** Opening PROVIDED DATA block **

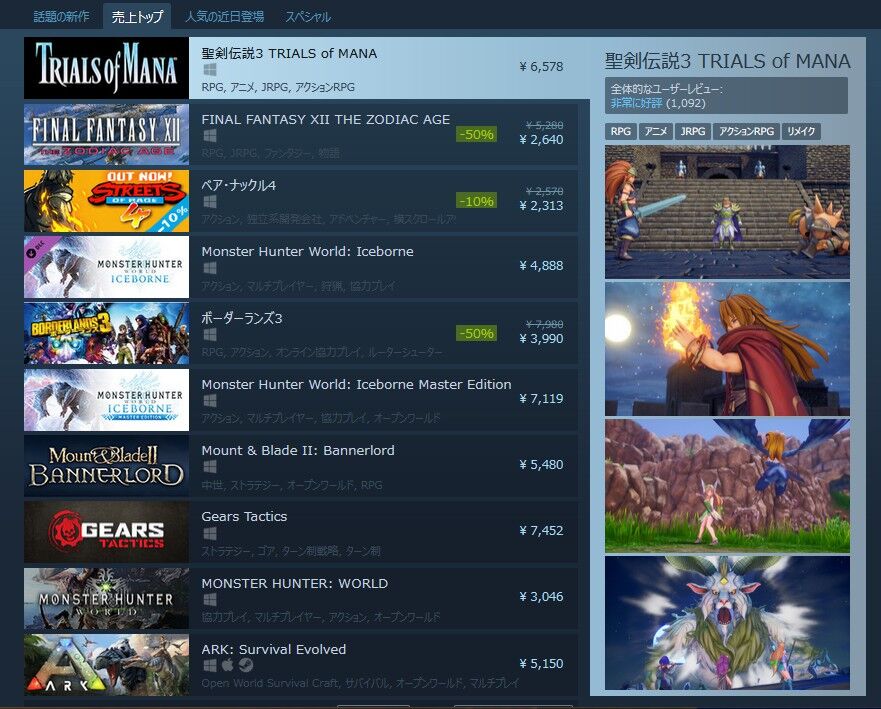 聖剣やったことなかったから試しに体験版やってみて合わなかったから買わなかったけどこんなに人気だったんだな…
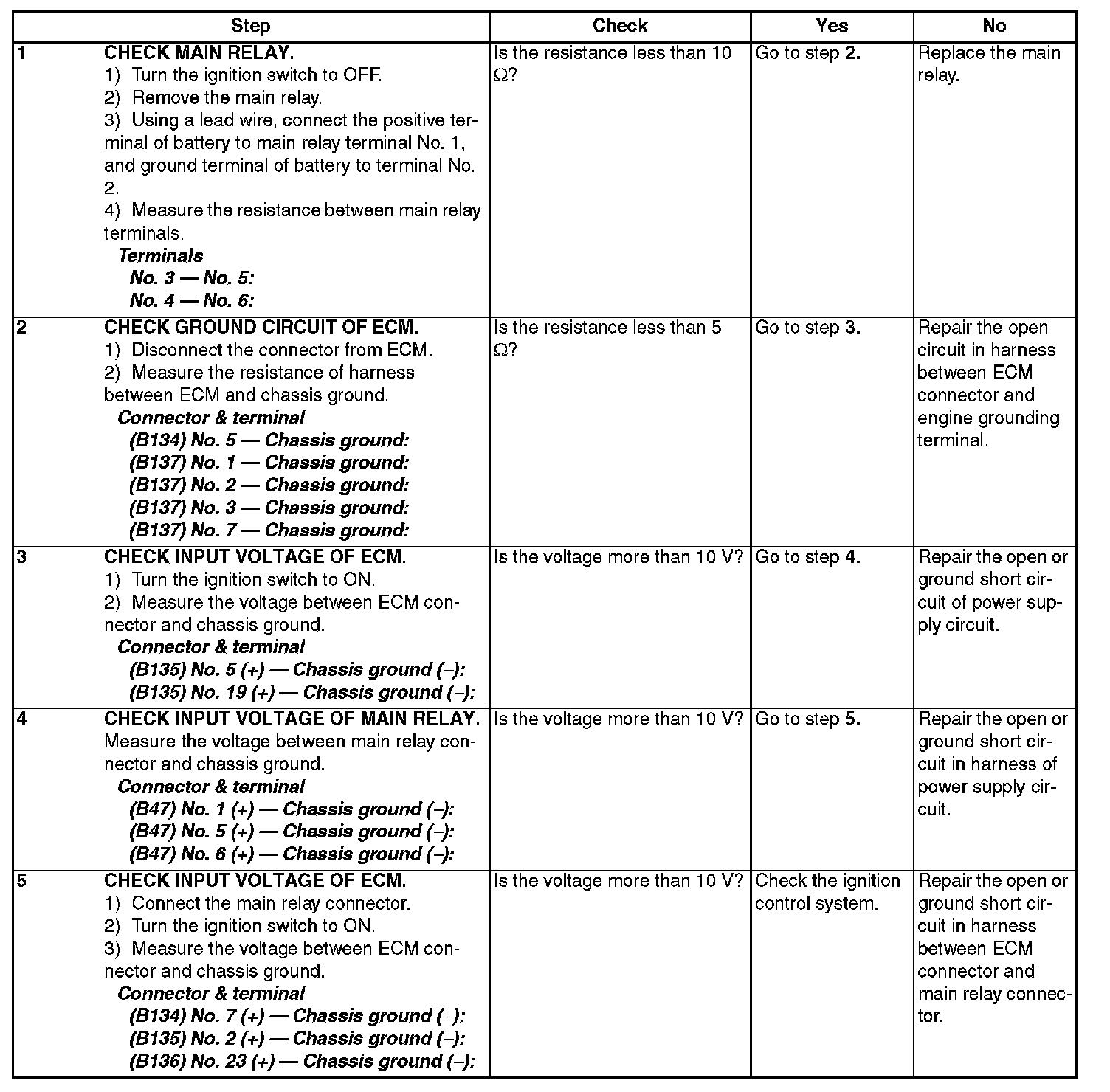 CHECK POWER SUPPLY AND GROUND LINE OF ENGINE CONTROL MODULE (ECM)
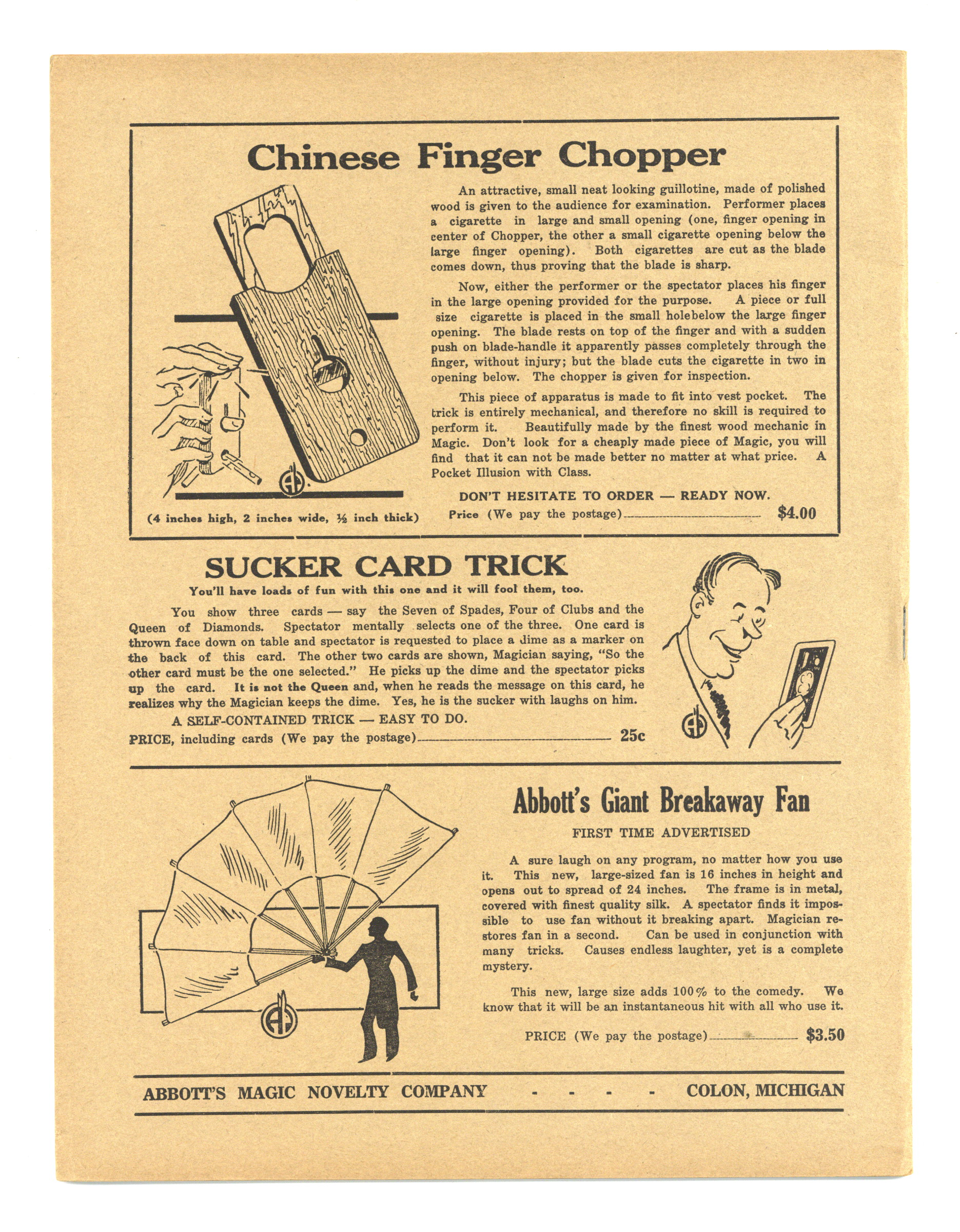 Published Jul 1944 by Abbott Magic & Novelty Co..$34.00- Staple rust: Slight.
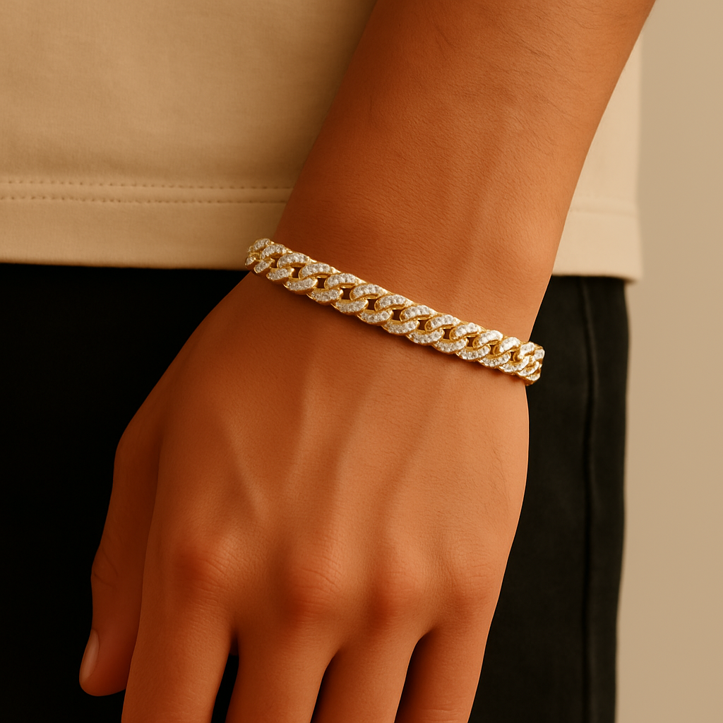 The cleanest way to add ice. This 8mm Cuban bracelet features hand-set stones over sleek, compact links. Lightweight feel, heavy shine.
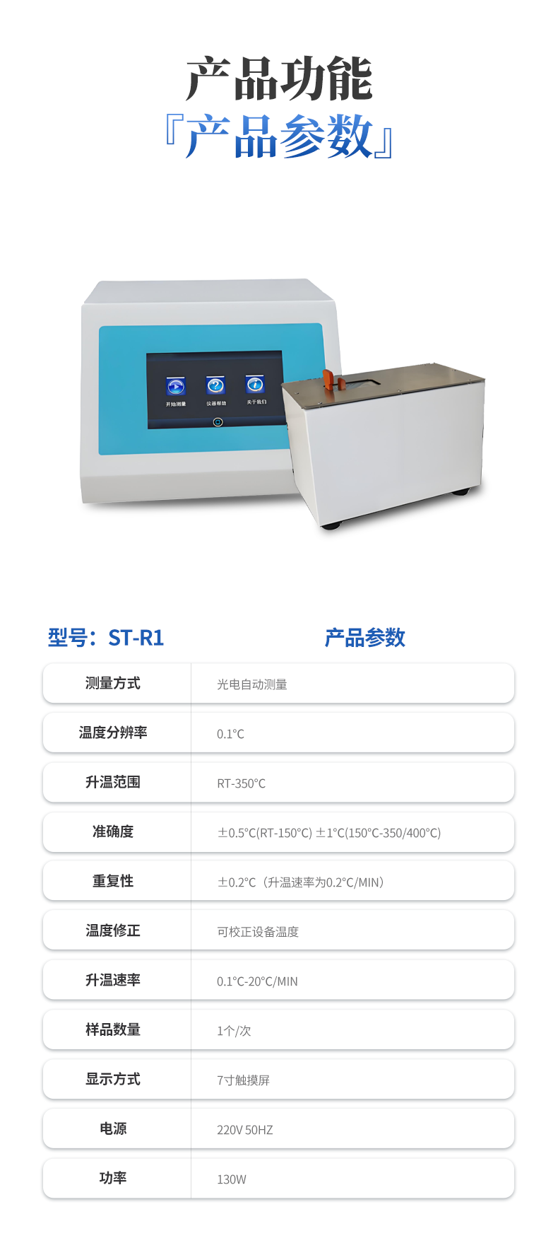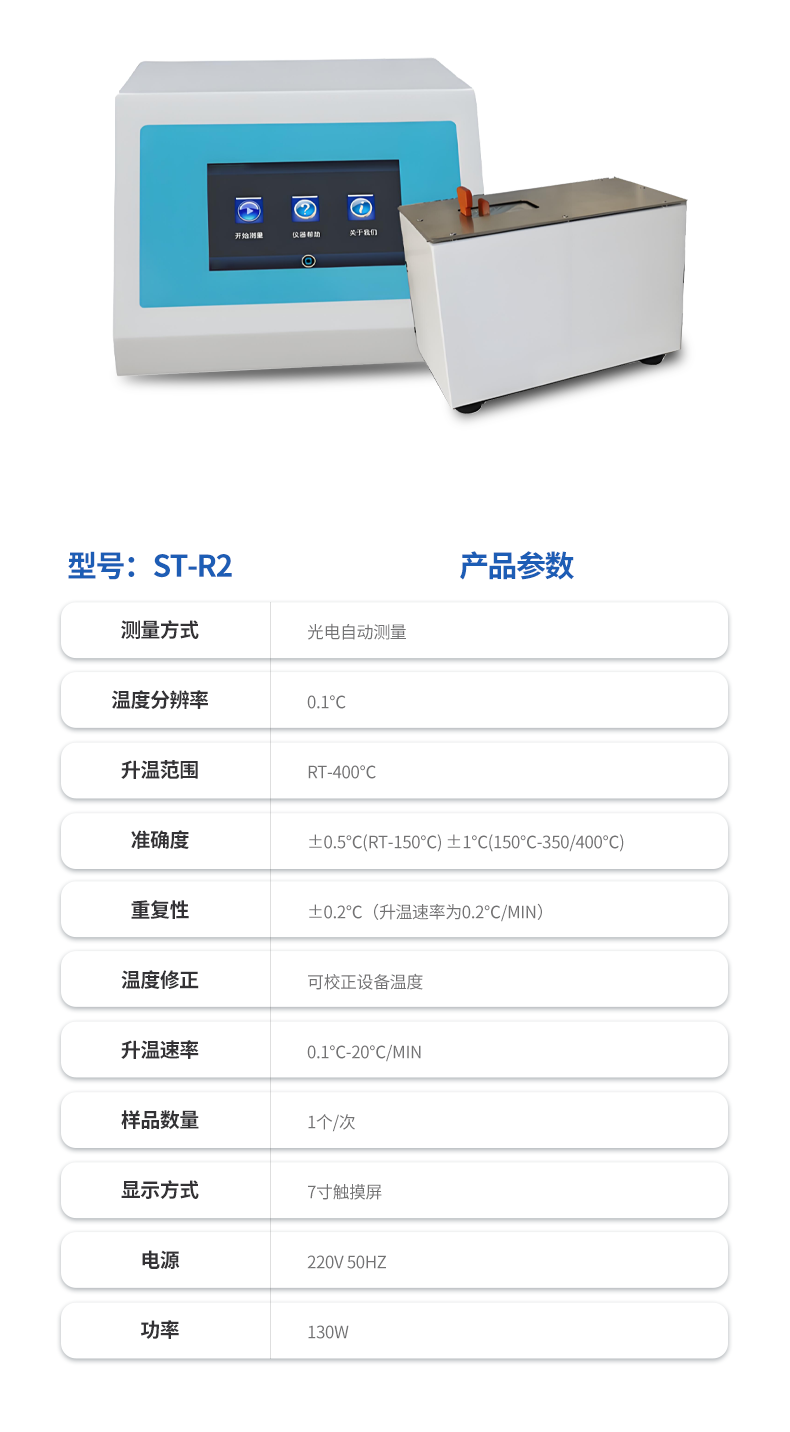 1. 7寸彩色触摸屏,直接显示滴点软化点温度。

** Closing PROVIDED DATA block **

* [TO DO]
Please give the entries again word for word, without any pictures.

* [RESPONSE TO THIS EXERCISE]
 聖剣やったことなかったから試しに体験版やってみて合わなかったから買わなかったけどこんなに人気だったんだな…
 CHECK POWER SUPPLY AND GROUND LINE OF ENGINE CONTROL MODULE (ECM)
 Published Jul 1944 by Abbott Magic & Novelty Co..$34.00- Staple rust: Slight.
 The cleanest way to add ice. This 8mm Cuban bracelet features hand-set stones over sleek, compact links. Lightweight feel, heavy shine.
 1. 7寸彩色触摸屏,直接显示滴点软化点温度。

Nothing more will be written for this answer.